═════ DATA EXCERPTS ═════

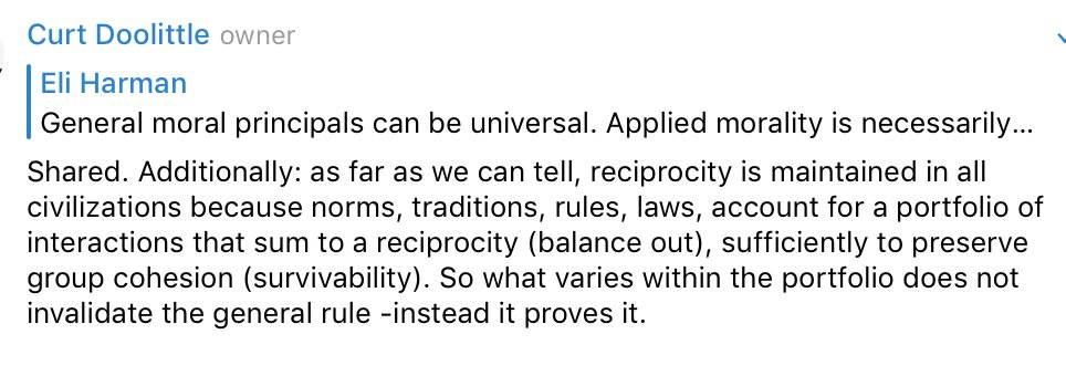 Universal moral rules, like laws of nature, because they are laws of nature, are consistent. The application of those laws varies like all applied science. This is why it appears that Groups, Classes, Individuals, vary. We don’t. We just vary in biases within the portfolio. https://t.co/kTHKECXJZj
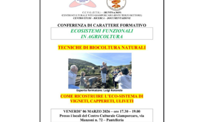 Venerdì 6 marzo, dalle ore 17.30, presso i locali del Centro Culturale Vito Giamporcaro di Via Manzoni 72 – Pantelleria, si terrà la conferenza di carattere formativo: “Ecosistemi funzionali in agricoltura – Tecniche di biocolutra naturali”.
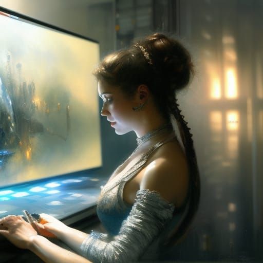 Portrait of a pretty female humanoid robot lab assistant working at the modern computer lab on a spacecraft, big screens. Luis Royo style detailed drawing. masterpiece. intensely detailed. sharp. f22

═════
═════ DATA EXCERPTS ═════

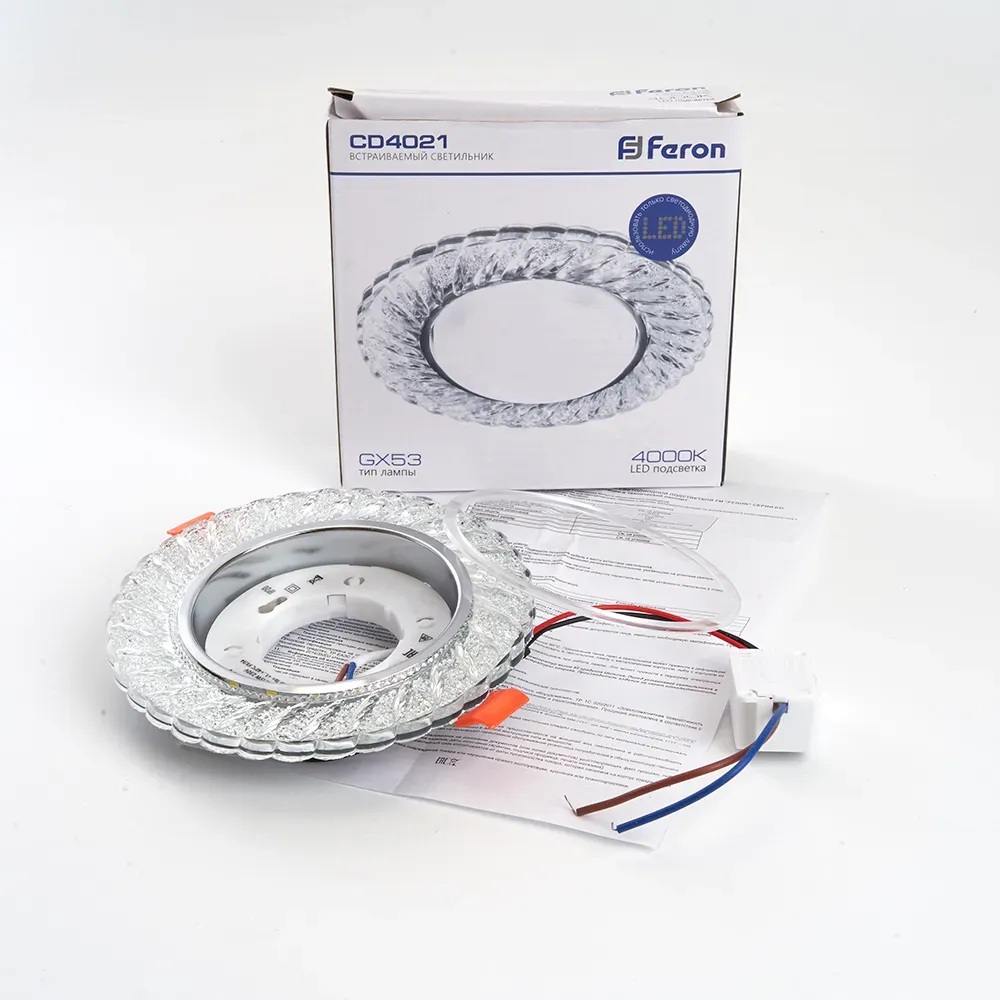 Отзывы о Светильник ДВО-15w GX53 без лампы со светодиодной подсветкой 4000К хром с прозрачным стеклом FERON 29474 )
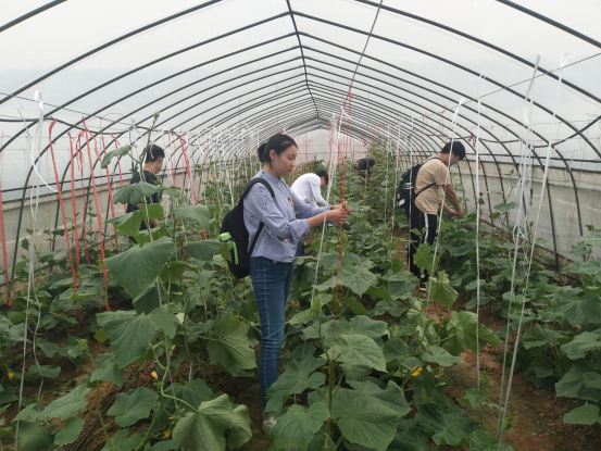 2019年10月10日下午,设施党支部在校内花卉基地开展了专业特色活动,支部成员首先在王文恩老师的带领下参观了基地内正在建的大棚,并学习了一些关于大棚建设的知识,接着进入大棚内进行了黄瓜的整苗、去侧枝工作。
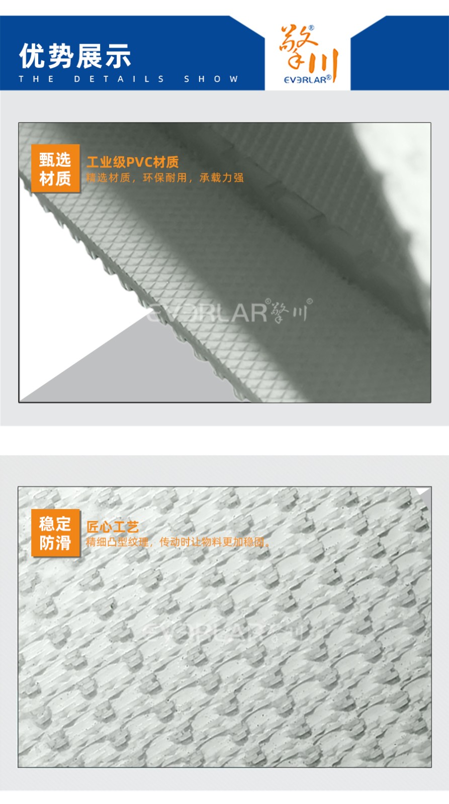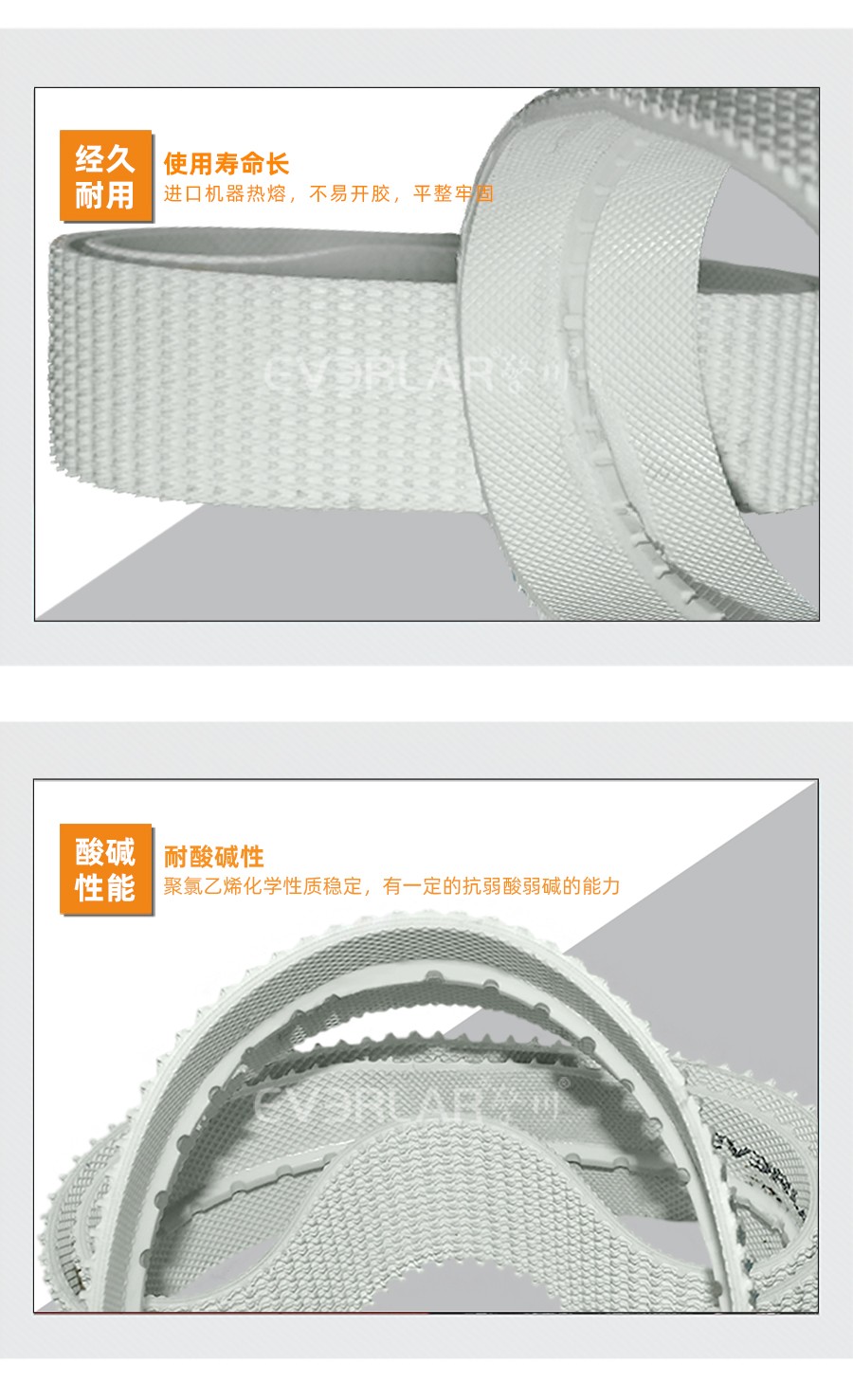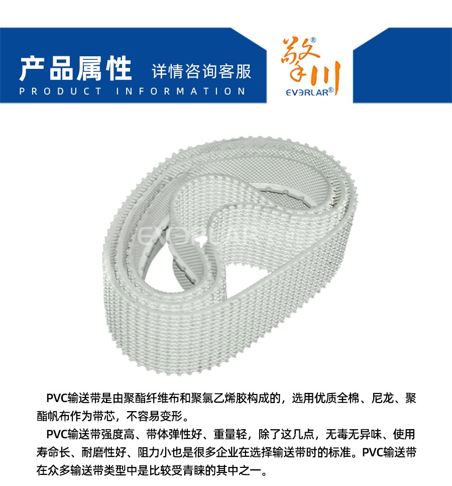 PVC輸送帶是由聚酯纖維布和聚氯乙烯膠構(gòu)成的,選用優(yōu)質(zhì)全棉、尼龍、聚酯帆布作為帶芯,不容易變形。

═════

## GOAL OF THE EXERCISE
In the entries above, find the line containing "2019年10月10日下午,设施党支部在" and the line containing "PVC輸送帶是由聚酯纖維布和", then copy both and every line between them exactly, without any picture.

## PROBLEM SOLUTION
 2019年10月10日下午,设施党支部在校内花卉基地开展了专业特色活动,支部成员首先在王文恩老师的带领下参观了基地内正在建的大棚,并学习了一些关于大棚建设的知识,接着进入大棚内进行了黄瓜的整苗、去侧枝工作。
 PVC輸送帶是由聚酯纖維布和聚氯乙烯膠構(gòu)成的,選用優(yōu)質(zhì)全棉、尼龍、聚酯帆布作為帶芯,不容易變形。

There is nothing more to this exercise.